Azure OpenAI Services brings enterprise-level security and controls, allowing companies to integrate with LLMs within their existing cloud environment. In this post, I will show you how to chat with PDF files using Azure OpenAI and Cognitive Search, using Microsoft's great React-based front-end.
Although stopping short of being able to fine-tune OpenAI's models, this service delivers surprisingly good results. My chatbot had no problems analyzing multiple 10-Q documents, spotting trends across them in time, and comparing results to benchmarks.
Introduction
As a prerequisite, you will need an Azure subscription, and you will need to submit a registration form for OpenAI Service. It only took me a few hours for it to get approved.
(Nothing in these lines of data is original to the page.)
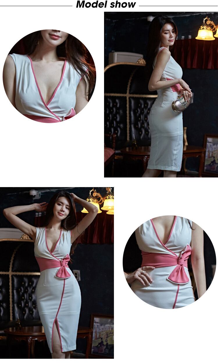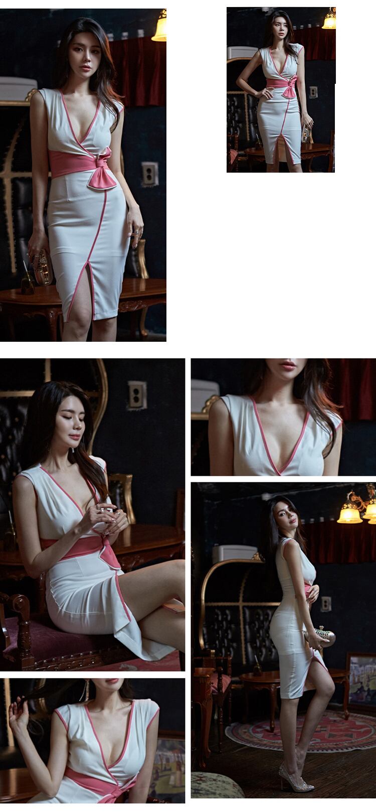 ホワイト リボン コットン エレガント サマー 夏物 ノースリーブ Vネック スリム MingJieBiHuo42304609562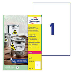 ОсобенностиПрочные белые водостойкие этикетки из полиэстера, размер 210х 297 мм, для печати на лазерных принтерах. 100лстов. Благодаря сильному клеевому составу этикетки предназначены для надежной и прочной маркировки на улице или в складских помещениях.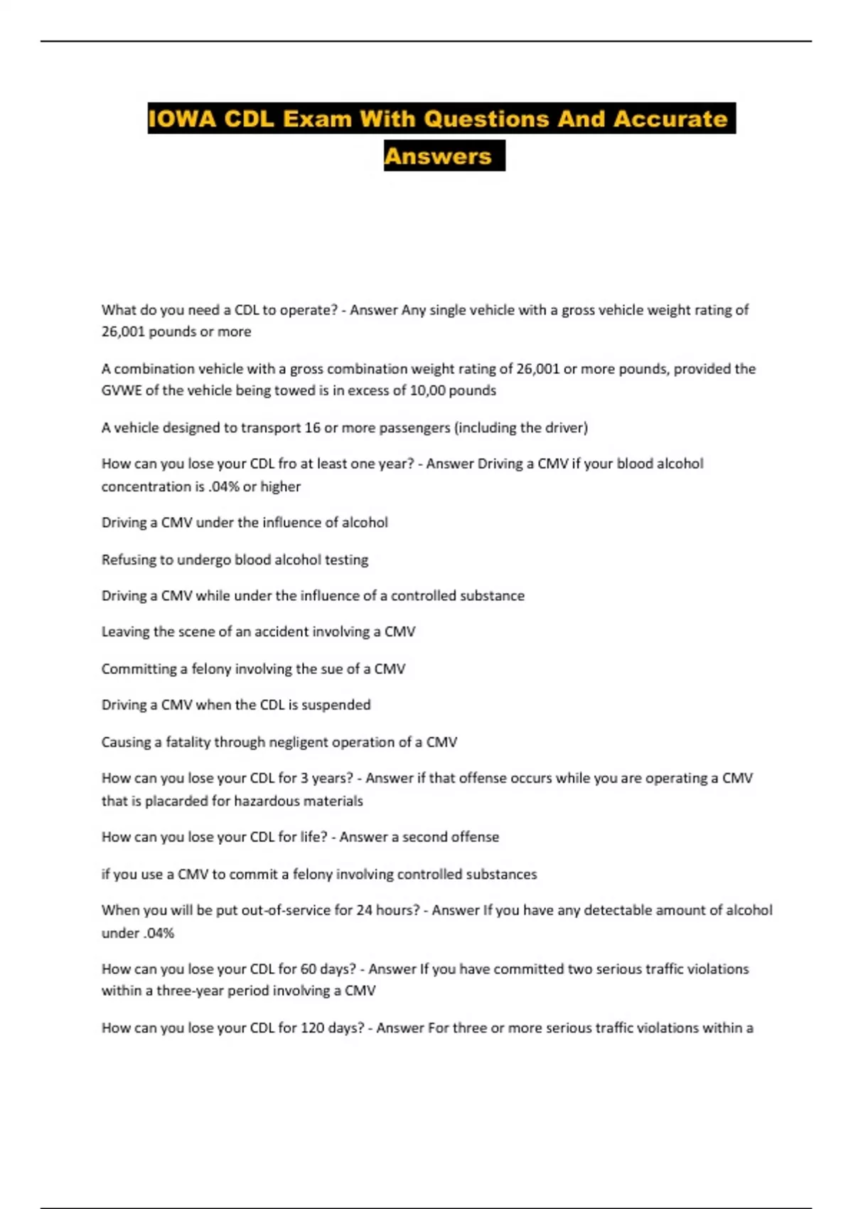 IOWA CDL Exam With Questions And Accurate Answers ...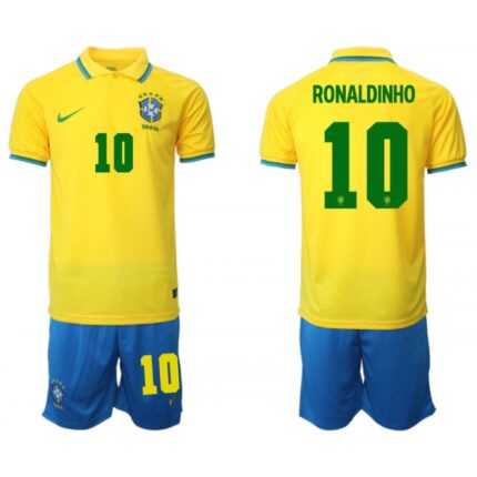 Men’s Brazil #10 Ronaldinho Yellow Home Soccer Jersey Suit
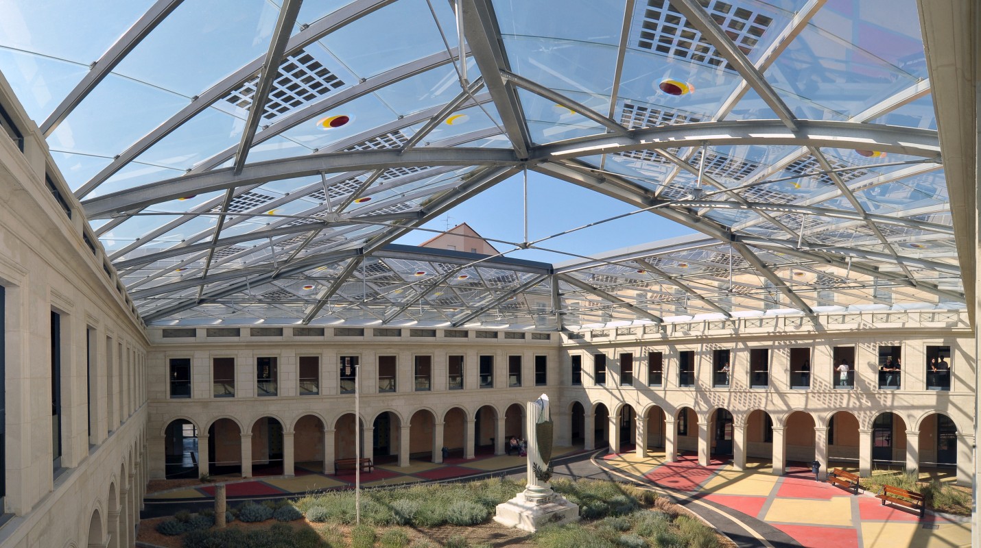La rénovation du lycée Bertrand-de-Born de Périgueux, en 2011, comprend l’installation d’une verrière photovoltaïque au-dessus de l’ancien cloître. © Région Nouvelle-Aquitaine, Jean-Pierre Bost.
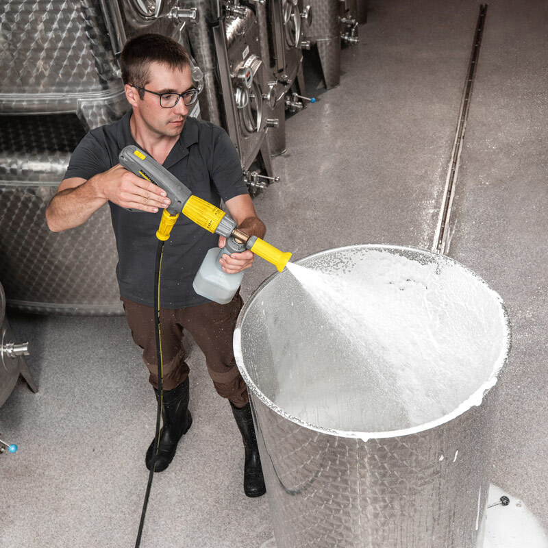 Простое, надежное и экономичное решение: трубка для пенной чистки с баллоном для чистящего средства формирует пену превосходного качества и уменьшает расход продукта при мойке. 3-ступенчатая регулировка концентрации при помощи встроенной заслонки исключает случайное изменение настройки. Система быстрого соединения EASY!Lock. Для аппаратов производительностью 350-600 л/ч.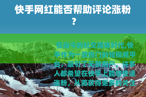 在当今的社交媒体时代,快手作为一款热门的短视频平台,吸引了无数用户,许多人都希望在快手上能够快速涨粉,从而获得更多的关注和机会,而快手网红的影响力巨大,这就让不少人产生了疑问:快手网红给评论涨粉吗?

We'll use the ChatGPT + Enterprise data with Azure OpenAI and Cognitive Search project as a starting point.
The flow is familiar to those who have used Pinecone or a similar vector for prompt embedding. OpenAI prompt length is limited, so instead of putting the entire dataset in the prompt, the idea is to pull in the bits of information relevant to the current conversation. Unlike Pinecone, however, this approach does not use vector embeddings and relies purely on text.
Azure Search Services stores the indexed and chunked data. It's fast, and the test project has a handy script for loading PDFs.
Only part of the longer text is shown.